While blockchain technology is commonly associated with cryptocurrencies, there are many other uses for an immutable ledger that cannot be manipulated or destroyed.


For example:


Decentralized finance


Similar to cryptocurrencies, DeFi systems like Ethereum replace traditional banking systems, enabling consumers to cut out the middlemen and manage their finances over the blockchain.



Non-fungible tokens


An NFT is a unique digital unit of data whose location is stored on a blockchain. NFTs are branded with code that authenticates the stored location and enables the secure sale and transfer of assets. NFTs are most commonly associated with image, audio and video files. Tip: Learn how to create an NFT here.



Smart contracts


Blockchain technology removes the need for an intermediary to execute a legal agreement. These self-executing agreements are automatically generated and certified.



Healthcare


The blockchain enables healthcare companies to encrypt patient records and ensure that they remain private and confidential.



Supply chain


Product inventories and the supply chain can be monitored through the blockchain. This can help companies increase accuracy and accountability in their operations.



The metaverse


The metaverse is a network of interoperable 3D virtual worlds that manifest as an immersive internet. While pockets of these virtual worlds exist today, they are not interoperable—many hope that blockchain technology is the key to connecting these artificial environments. Currently, many virtual worlds mint NFTs for items within the games.



Web3


The blockchain plays a prominent role in web3, a proposed new, decentralized version of the internet ecosystem


Tip: Learn the difference between web2 vs web3 to understand the proposed future of the internet.

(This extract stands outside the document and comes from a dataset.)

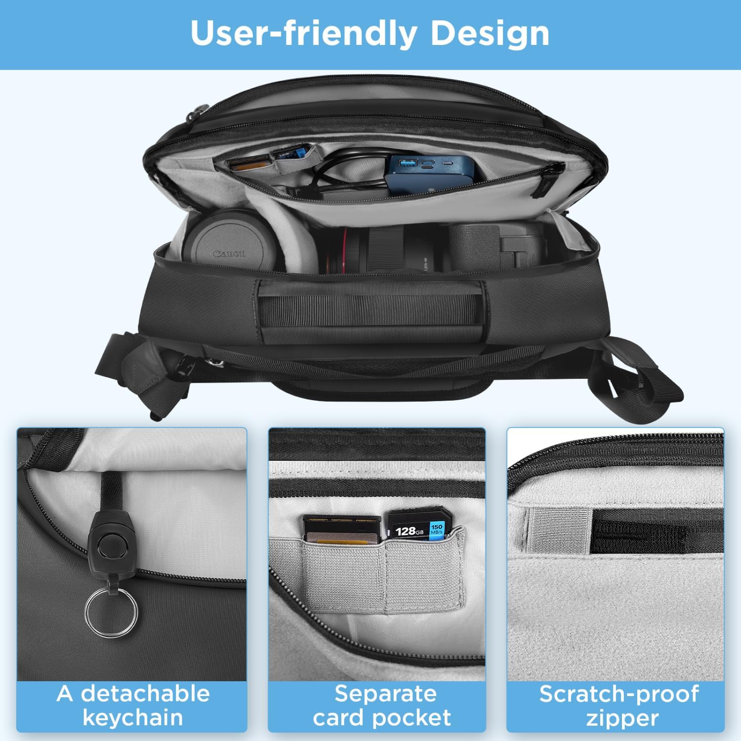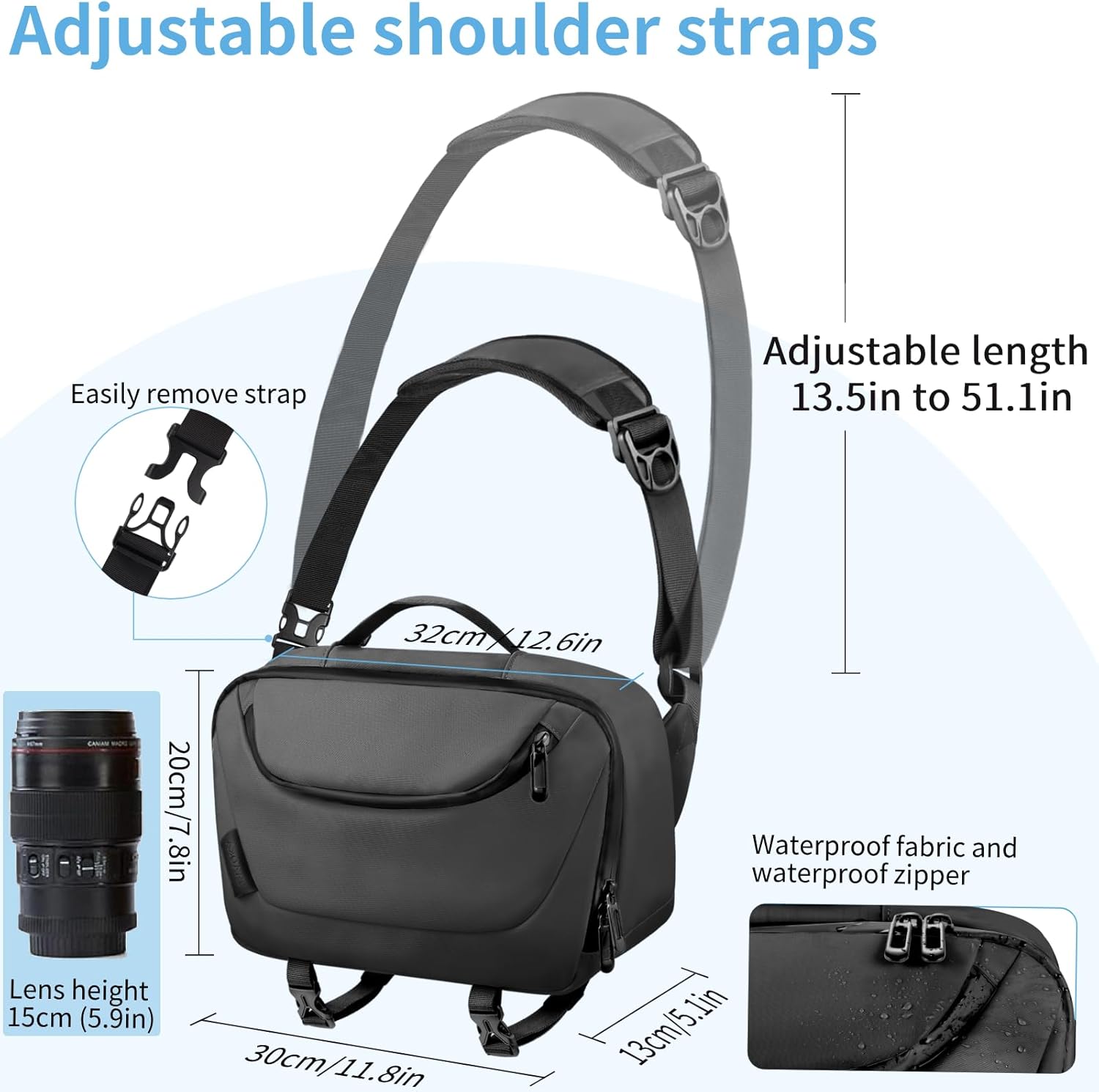 Designed to fit DSLR, SLR, and mirrorless cameras, this crossbody camera bag is both stylish and functional. The adjustable strap allows for a comfortable fit, while the multiple compartments provide ample storage space for camera bodies, lenses, and accessories.

Pros and cons of blockchain


Why has blockchain technology grown over the last decade? Many see the potential in blockchain for the future of the internet—and invest in web3 technologies and NFT websites. While the technology is still relatively young, many are optimistic that the kinks will work themselves out along the way.


Overall, these are the main pros and cons of blockchain:


The pros

  • No intermediaries mean fewer roadblocks for transactions.

  • Decentralization reduces the chances of manipulated or tampered data.

  • Blockchain infrastructure replicates data across the network, preventing data from being lost due to a power outage or server failure.

  • Transactions are more accurate as the network verifies authenticity.

  • The blockchain encrypts all transactions, making them private and secure.

  • The permanent digital ledger offers greater transparency into important transactions.


The cons

  • Blockchain technology is complex, which can lead to challenges in implementing and improving upon it.

  • The energy needed to verify transactions comes at a high cost, which can mean high “gas” fees for consumers.

  • As the blockchain becomes more popular, processing speeds will slow as the network funnels data. Scalability is an anticipated issue.

  • Blockchain technologies are not hack-proof.

  • Transactions don’t take place over a single server in a specific location, which can make jurisdictional agreements and regulation difficult.

  • Human error can lead to asset loss. To access data from the blockchain, users need to have a cryptographic key. If they lose it, it’s gone forever.